§ **ABOUT THIS TASK**:
Below, find the line containing "超多丰富背景任意组合,二次元"; from there to the final line, print every line exactly and skip the pictures.

§ **AVAILABLE DATA**:
# # # # # # #

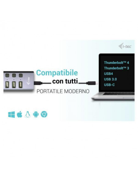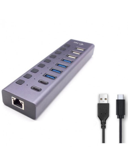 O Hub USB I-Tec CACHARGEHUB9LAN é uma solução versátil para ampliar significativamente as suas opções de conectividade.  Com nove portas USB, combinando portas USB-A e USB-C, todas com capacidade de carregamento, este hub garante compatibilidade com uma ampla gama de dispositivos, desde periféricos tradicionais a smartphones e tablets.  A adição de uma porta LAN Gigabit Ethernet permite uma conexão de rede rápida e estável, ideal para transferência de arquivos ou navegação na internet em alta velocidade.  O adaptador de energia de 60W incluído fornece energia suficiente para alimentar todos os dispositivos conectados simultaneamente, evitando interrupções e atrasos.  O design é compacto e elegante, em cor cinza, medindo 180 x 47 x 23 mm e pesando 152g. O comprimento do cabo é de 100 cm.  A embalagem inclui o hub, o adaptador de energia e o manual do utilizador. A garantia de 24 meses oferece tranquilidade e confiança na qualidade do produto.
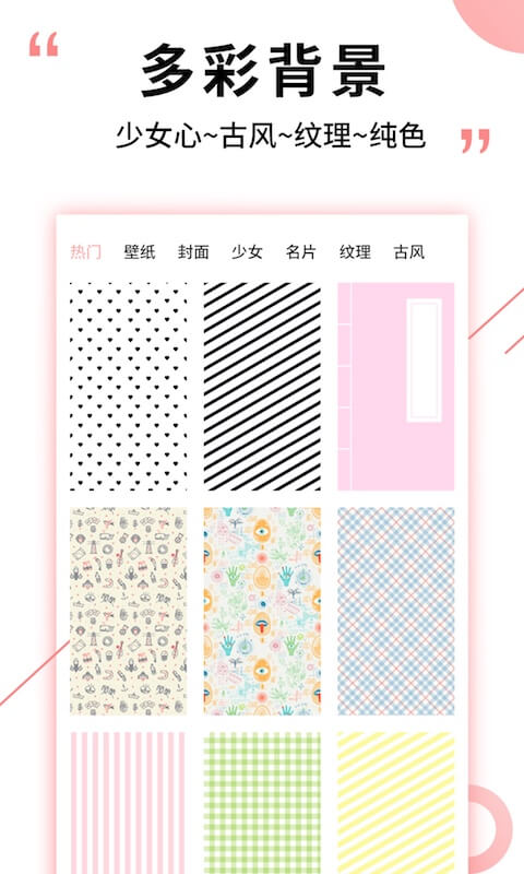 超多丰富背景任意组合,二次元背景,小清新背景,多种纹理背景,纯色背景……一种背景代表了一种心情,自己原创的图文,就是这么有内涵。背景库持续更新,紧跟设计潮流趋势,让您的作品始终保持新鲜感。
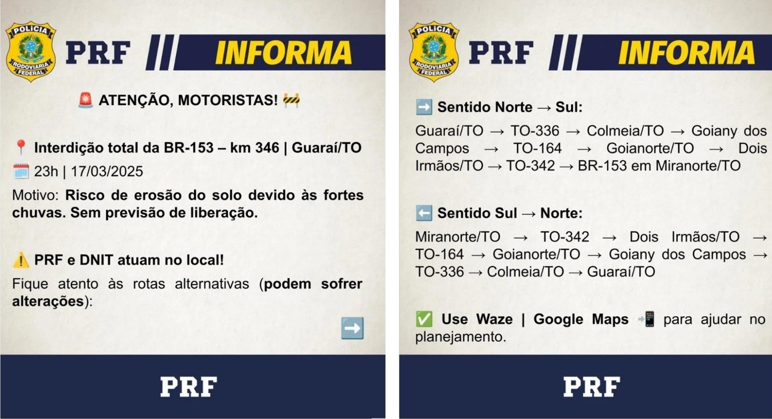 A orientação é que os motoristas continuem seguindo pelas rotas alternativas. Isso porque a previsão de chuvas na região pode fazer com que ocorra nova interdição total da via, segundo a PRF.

# # # # # # #

§ **SOLUTION TO THIS TASK**:
 超多丰富背景任意组合,二次元背景,小清新背景,多种纹理背景,纯色背景……一种背景代表了一种心情,自己原创的图文,就是这么有内涵。背景库持续更新,紧跟设计潮流趋势,让您的作品始终保持新鲜感。
 A orientação é que os motoristas continuem seguindo pelas rotas alternativas. Isso porque a previsão de chuvas na região pode fazer com que ocorra nova interdição total da via, segundo a PRF.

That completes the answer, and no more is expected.